Кинешь не кинешь! Какие-то глупости говорит. Если посмотреть серьезно на все, о чем они сейчас говорили, то бредом все и покажется. Две бывших жены мечтают о том, чтобы вернуть одной из них бывшего мужа. При этом другая надеется на солидное вознаграждение и не менее солидное ежемесячное содержание. И вот, все это благополучно распланировав, они как-то позабыли спросить у самого бывшего мужа: а согласен ли, а захочет ли? Жить с одной из них и содержать сразу обеих? Так еще и третья бывшая жена имеется, которая тоже надеждой живет. И четвертая жена, пока не бывшая. С ней-то что? Ее-то куда?

Бред, да и только!

Саша выбралась из кресла. С сожалением посмотрела на пустую бутылку. Не надо было столько пить, нельзя. Сразу голова тяжелой делается. И мысли в ней под стать. Нехорошие, злые, некрасивые мысли.

Разве стала бы она, к примеру, на трезвую голову думать о Наташе как о безнравственной авантюристке? Нет, не стала бы. А она теперь вот именно так о ней и думает. Стала бы проклинать Машку за то, что та внесла в их души смуту такую? Ни за что не прокляла бы, грех потому что. А теперь вот, бредя шаткой походкой в кухню, клянет. И страх какой-то мерзкий и ползучий в душу крадется.

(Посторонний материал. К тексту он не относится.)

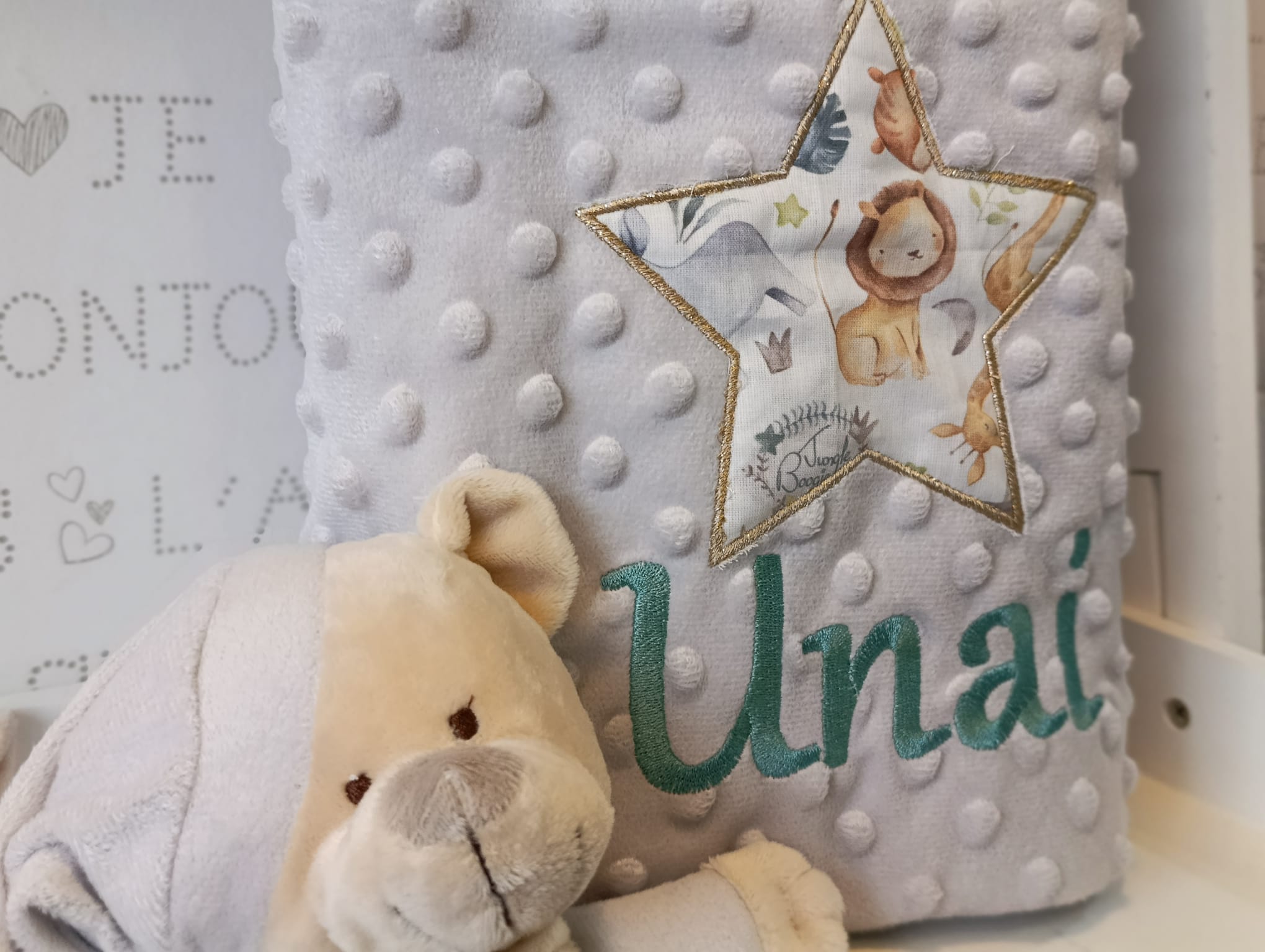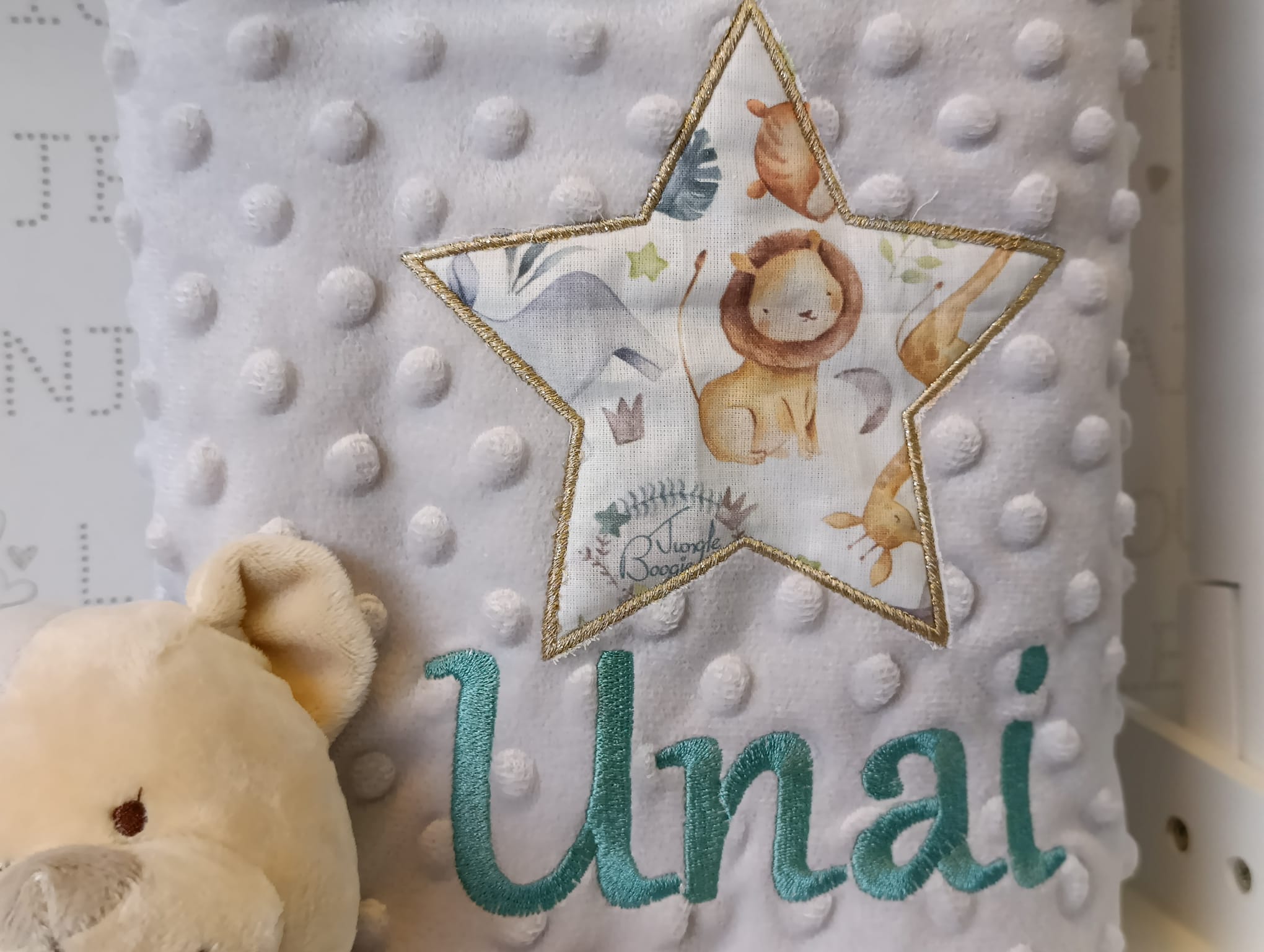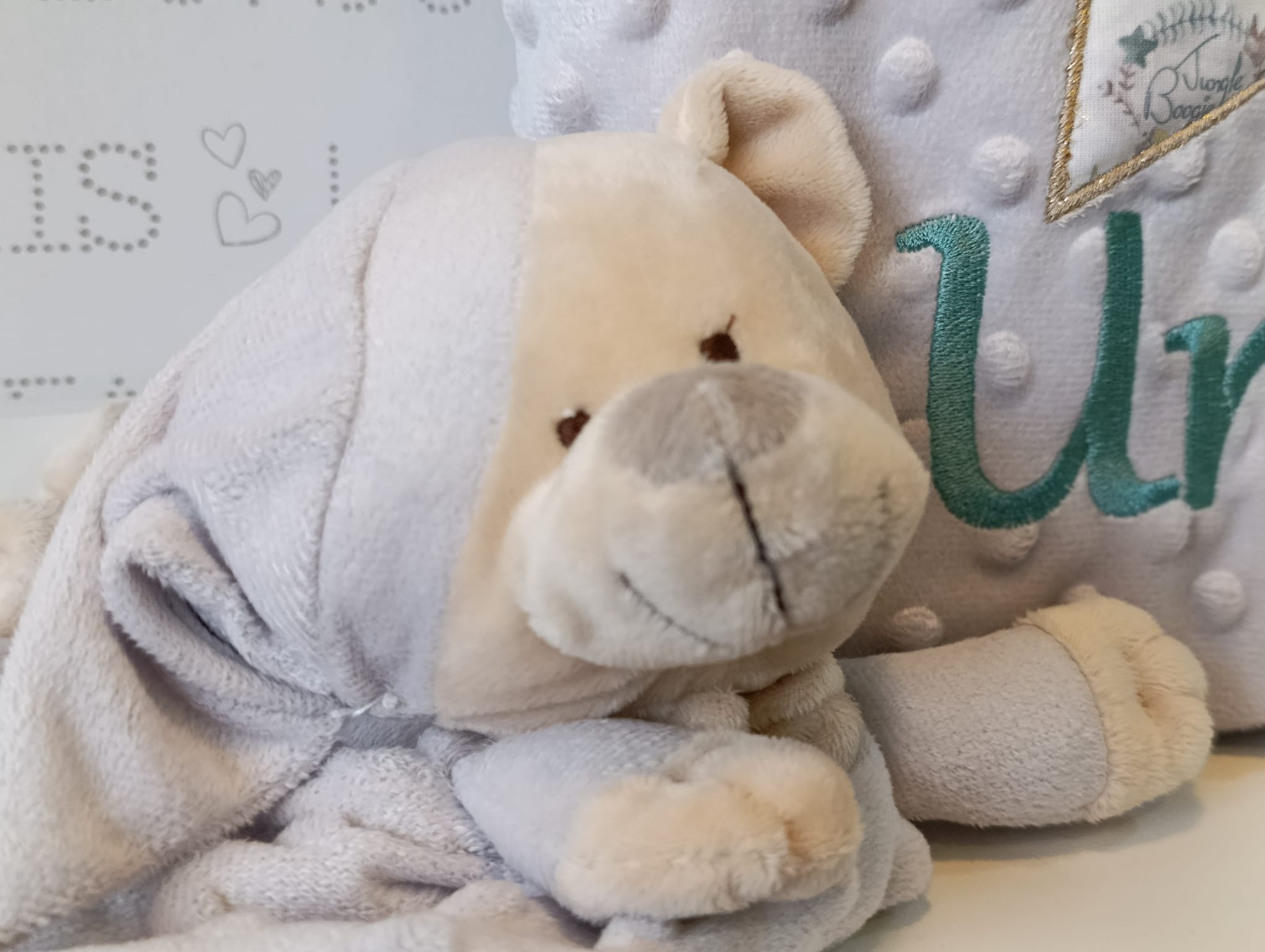 El doudou a juego, también personalizable con el nombre, se convierte en su compañero inseparable: suave, ligero y lleno de ternura, ideal para aportar seguridad en cada abrazo.

А вдруг вся эта гадкая затея не доведет их до добра? Вдруг кто-то из них пострадает? И самое главное: с Леркой-то, с Леркой что делать?! Ее-то куда девать? Она вряд ли добровольно захочет расстаться с милым уютным гнездом, которое второй год вьет для себя и для Сетина.

– Бред! – пробормотала Саша вполголоса и вдруг со злостью швырнула хрупкий бокал в раковину.

Он разлетелся вдребезги. Саша принялась сгребать осколки в кучку, тут же поранила палец. Кровь закапала столешницу, попала на подол туники, тут же просочилась сквозь салфетку, которой Саша попыталась перехватить порез.

– Да что же это такое, а?! – возмутилась она собственной неуклюжести.

Тут же заспешила, услышав звонок домофона, салфетку бросила на пол, оторвала бумажное полотенце, им перебинтовала палец. Побежала к двери.

– Кто там? – запыхавшись, спросила она в трубку домофона.

– Я, я, чего кричишь-то? Гонится за тобой, что ли, кто? – поздний гость захихикал. – Впустишь или как?

– Почему сегодня?! Почему так поздно?! – возмутилась Саша, вспоминая, какой сегодня день недели.

– А соскучиться разве грех?

– Нет, но… – Она с сожалением глянула на выпачканный кровью подол туники. – Я не готова!

– Ладно тебе, Саша. – В самое ухо тяжело и протяжно вздохнули. – Давай без церемоний. Не чужие мы друг другу, чтобы так вот заморачиваться. Открывай, что ли!

– Ладно, входи, – она ткнула пальцем в кнопку. – Только учти, недолго. Мне этих разговоров в прошлый раз хватило. Входи…

Глава 8

Батенин твердо решил сегодня поговорить с ней. Как бы ни был он нехорош для нее, как бы ни был недостоин ее, он все равно с ней поговорит. А там…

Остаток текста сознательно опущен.